Exercise inputs
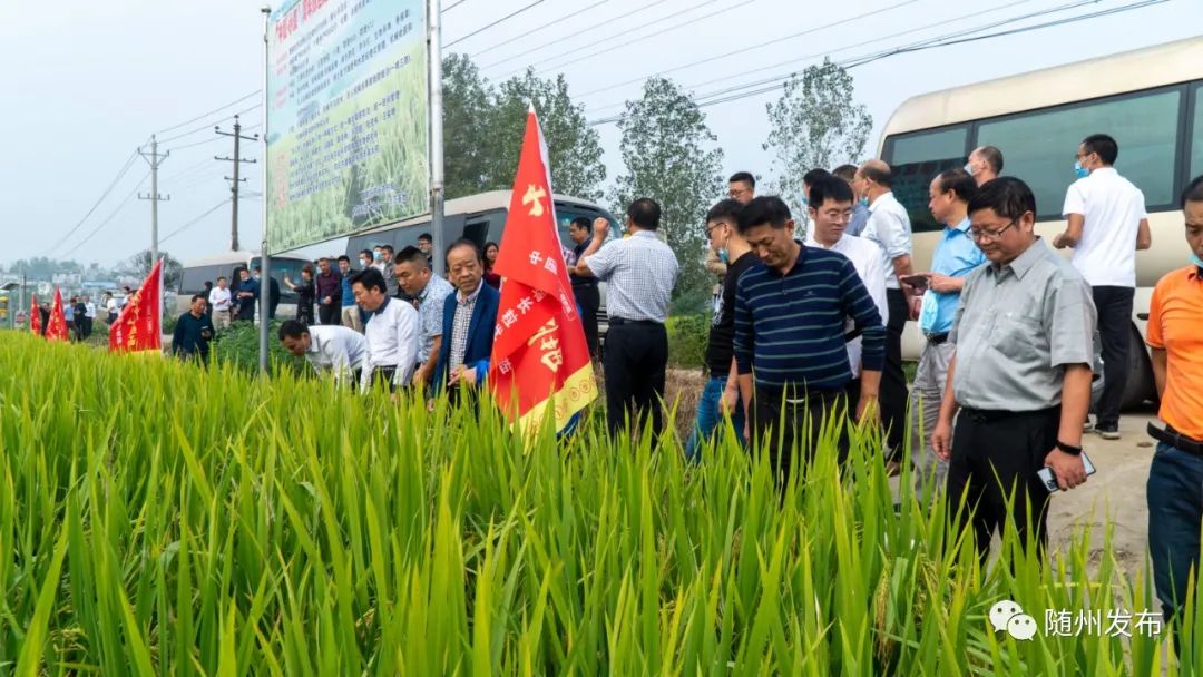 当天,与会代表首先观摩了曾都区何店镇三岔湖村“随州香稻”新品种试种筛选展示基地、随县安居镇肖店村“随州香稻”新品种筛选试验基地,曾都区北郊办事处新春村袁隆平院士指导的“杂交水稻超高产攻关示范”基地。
* * *
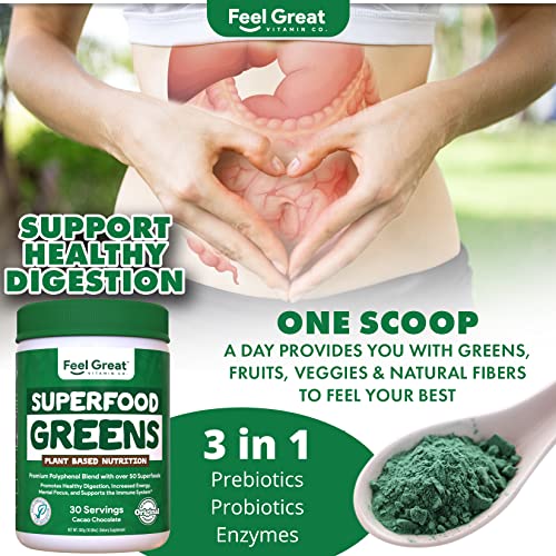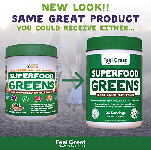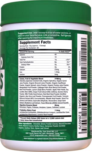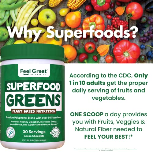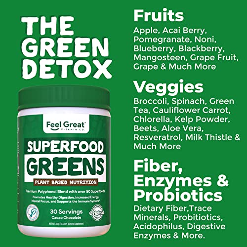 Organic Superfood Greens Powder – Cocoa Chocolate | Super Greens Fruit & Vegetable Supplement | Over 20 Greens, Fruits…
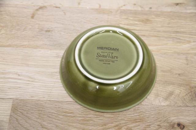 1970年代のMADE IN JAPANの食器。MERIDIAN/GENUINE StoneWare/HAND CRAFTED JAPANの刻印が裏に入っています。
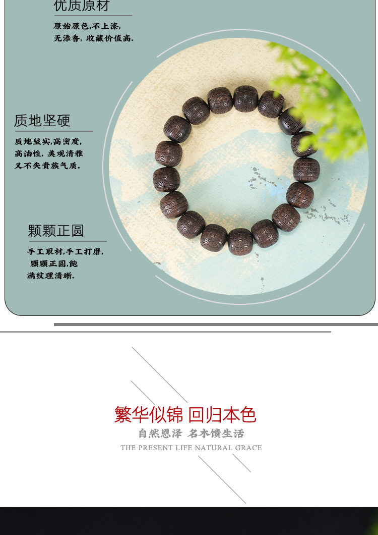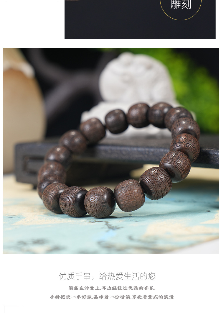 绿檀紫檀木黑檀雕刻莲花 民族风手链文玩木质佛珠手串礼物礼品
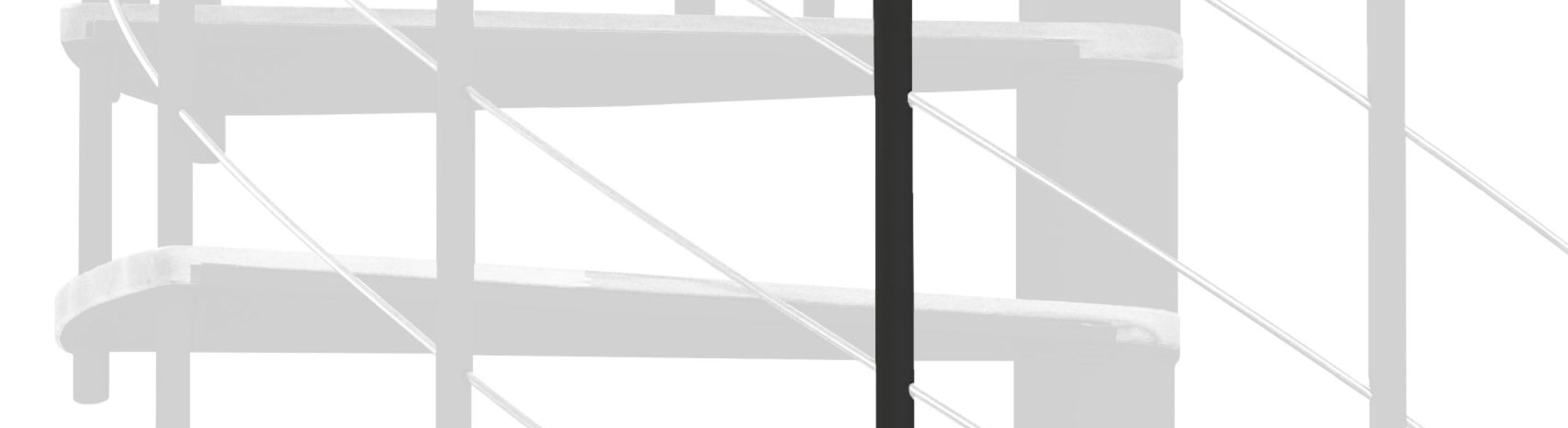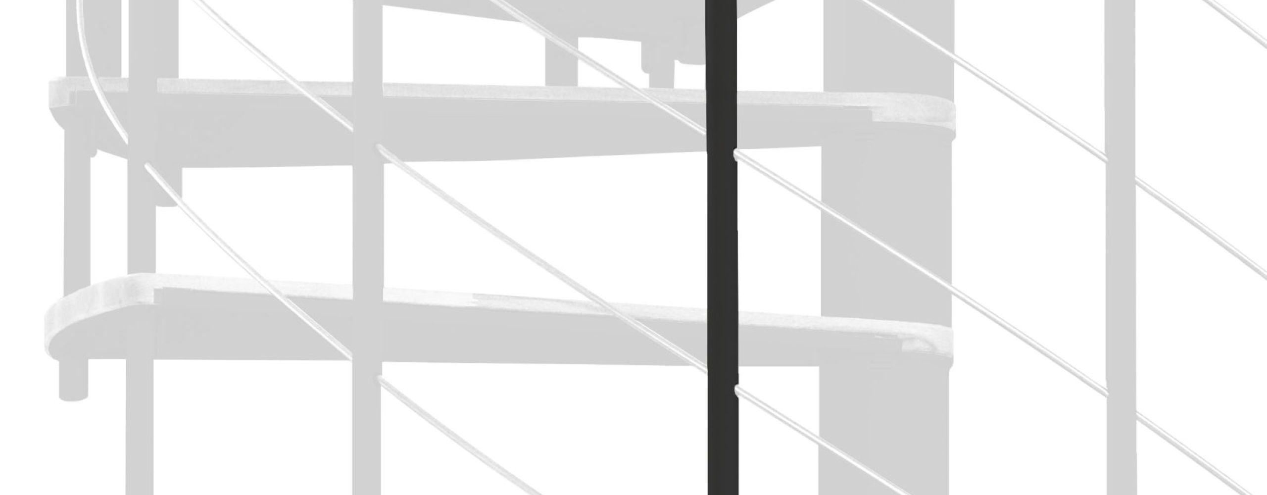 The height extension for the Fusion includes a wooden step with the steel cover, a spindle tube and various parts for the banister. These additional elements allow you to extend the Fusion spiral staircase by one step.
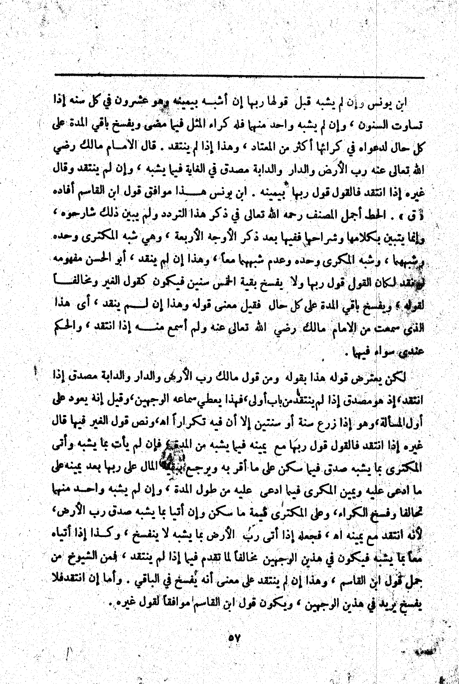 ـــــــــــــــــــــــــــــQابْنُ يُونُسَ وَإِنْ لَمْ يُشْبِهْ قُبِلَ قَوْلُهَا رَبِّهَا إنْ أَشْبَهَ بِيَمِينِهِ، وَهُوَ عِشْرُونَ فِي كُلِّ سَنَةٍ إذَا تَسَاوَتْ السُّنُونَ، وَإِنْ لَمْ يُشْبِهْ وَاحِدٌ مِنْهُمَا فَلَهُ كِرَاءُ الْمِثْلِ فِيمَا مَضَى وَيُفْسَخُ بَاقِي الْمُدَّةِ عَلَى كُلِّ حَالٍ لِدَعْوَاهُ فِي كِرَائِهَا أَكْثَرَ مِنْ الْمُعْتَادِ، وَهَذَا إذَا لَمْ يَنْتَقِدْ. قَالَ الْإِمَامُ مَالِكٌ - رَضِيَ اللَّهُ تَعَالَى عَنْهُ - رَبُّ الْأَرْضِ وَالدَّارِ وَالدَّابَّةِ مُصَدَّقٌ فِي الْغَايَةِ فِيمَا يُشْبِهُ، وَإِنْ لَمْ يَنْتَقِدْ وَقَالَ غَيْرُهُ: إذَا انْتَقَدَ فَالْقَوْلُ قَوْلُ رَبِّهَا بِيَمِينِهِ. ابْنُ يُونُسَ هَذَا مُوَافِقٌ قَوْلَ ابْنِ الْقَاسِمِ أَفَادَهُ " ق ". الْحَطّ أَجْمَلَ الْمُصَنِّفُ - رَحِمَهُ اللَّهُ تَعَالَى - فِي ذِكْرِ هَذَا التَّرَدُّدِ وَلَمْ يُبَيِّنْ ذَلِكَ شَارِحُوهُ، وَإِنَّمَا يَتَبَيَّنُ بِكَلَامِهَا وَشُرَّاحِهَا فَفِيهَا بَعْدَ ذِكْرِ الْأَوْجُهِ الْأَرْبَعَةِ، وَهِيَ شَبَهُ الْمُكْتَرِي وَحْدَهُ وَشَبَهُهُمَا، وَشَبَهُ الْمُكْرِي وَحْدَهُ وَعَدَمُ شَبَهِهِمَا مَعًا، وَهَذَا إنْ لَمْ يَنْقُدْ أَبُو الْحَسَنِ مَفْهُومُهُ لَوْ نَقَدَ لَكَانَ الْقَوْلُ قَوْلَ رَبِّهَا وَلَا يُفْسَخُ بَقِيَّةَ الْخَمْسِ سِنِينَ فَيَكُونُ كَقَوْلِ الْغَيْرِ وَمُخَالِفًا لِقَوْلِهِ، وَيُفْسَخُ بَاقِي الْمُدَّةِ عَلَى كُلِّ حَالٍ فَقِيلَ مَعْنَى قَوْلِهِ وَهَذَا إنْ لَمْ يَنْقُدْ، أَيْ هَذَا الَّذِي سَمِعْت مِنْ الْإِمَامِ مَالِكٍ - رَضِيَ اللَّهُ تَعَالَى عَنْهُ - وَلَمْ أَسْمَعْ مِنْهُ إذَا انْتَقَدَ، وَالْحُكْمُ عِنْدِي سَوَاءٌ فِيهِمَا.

Your objective
In the listing above, find the line with "绿檀紫檀木黑檀雕刻莲花 民族风手链文玩木质佛珠手串礼物礼品" and the line with "The height extension". Copy exactly those two and every line between, without the pictures.

Written reply
 绿檀紫檀木黑檀雕刻莲花 民族风手链文玩木质佛珠手串礼物礼品
 The height extension for the Fusion includes a wooden step with the steel cover, a spindle tube and various parts for the banister. These additional elements allow you to extend the Fusion spiral staircase by one step.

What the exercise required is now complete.